Kyle -- if this was me -- I'd break the file into a database. You have a lot of different options, but the last time I had to do something like this -- I broke the data into 10 tables -- a control table with a primary key and oclc number, a table for 0xx fields, a table for 1xx, 2xx, etc. including OCLC number and key that they relate too. You can actually do this with MarcEdit (if you have mysql installed) -- but on a laptop -- I'm not going to guarantee speed with the process. Plus, the process to generate the SQL data will be significant. It might take 15 hours to generate the database, but then you'd have it and could create indexes on it. But you could use it to create the database and then prep the files for later work.
--TR
-----Original Message-----
From: Code for Libraries [mailto:[log in to unmask]] On Behalf Of Kyle Banerjee
Sent: Wednesday, February 27, 2013 9:45 AM
To: [log in to unmask]
Subject: [CODE4LIB] Slicing/dicing/combining large amounts of data efficiently
I'm involved in a migration project that requires identification of local information in millions of MARC records.

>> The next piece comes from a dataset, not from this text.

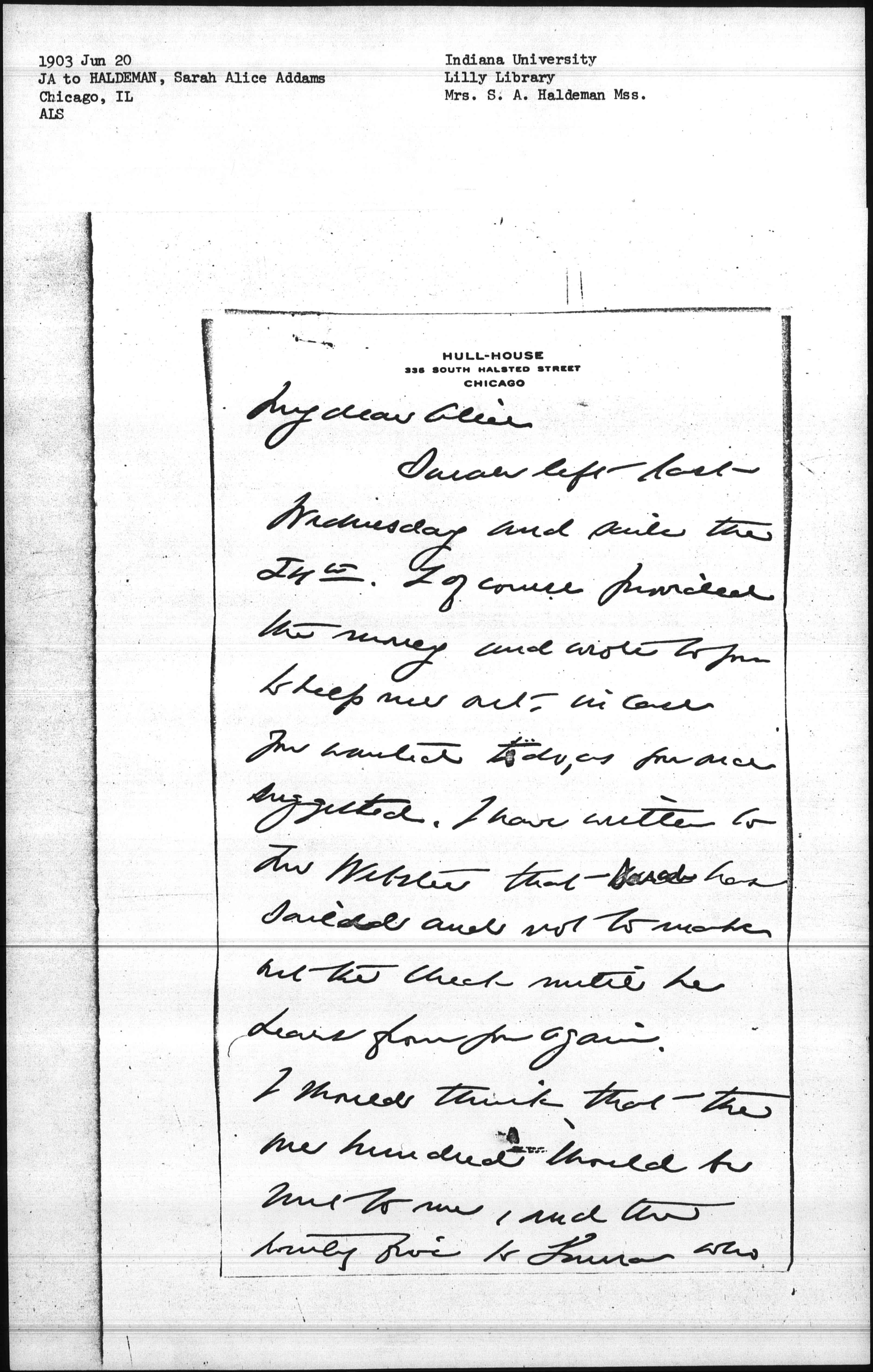 Sarah left last Wednesday and sails the 24th. I of course provided the money and wrote to you to help me out, in case you wanted to do, as you once suggested. I have written to Mr Webster that Sarah has sailed and not to make out the check until he hears from you again.

The master records I need to compare with are 14GB total. I don't know what the others will be, but since the masters are deduped and the source files aren't (plus they contain loads of other garbage), there will be considerably more. Roughly speaking, if I compare 1000 master records per second, it would take about 2 1/2 hours to cut through the file. I need to be able to ask the file whatever questions the librarians might have (i.e.
many), so speed is important.
For reasons I won't go into right now, I'm stuck doing this on my laptop in cygwin right now and that affects my range of motion.
I'm trying to figure out the best way to proceed. Currently, I'm extracting specific fields for comparison. Each field tag gets a single line keyed by OCLC number (repeated fields are catted together with a delimiter). The idea is that if I deal with only one field at a time, I can slurp the master info in memory and retrieve it via hash (OCLC control number) as I loop through the comparison data. Local data will either be stored in special files that are loaded separately from the bibs or recorded in reports for maintenance projects
This process is clunky because a special comparison file has to be created for each question, but it does seem to work (generating preprocess files and then doing the compare is measured in minutes rather than hours). I didn't use a DB because there's no way I could store the reference data in memory and I figured I'd just thrash my drive.
Is this a reasonable approach, and whether or not it is, what tools should I be thinking of using for this? Thanks,
kyle
|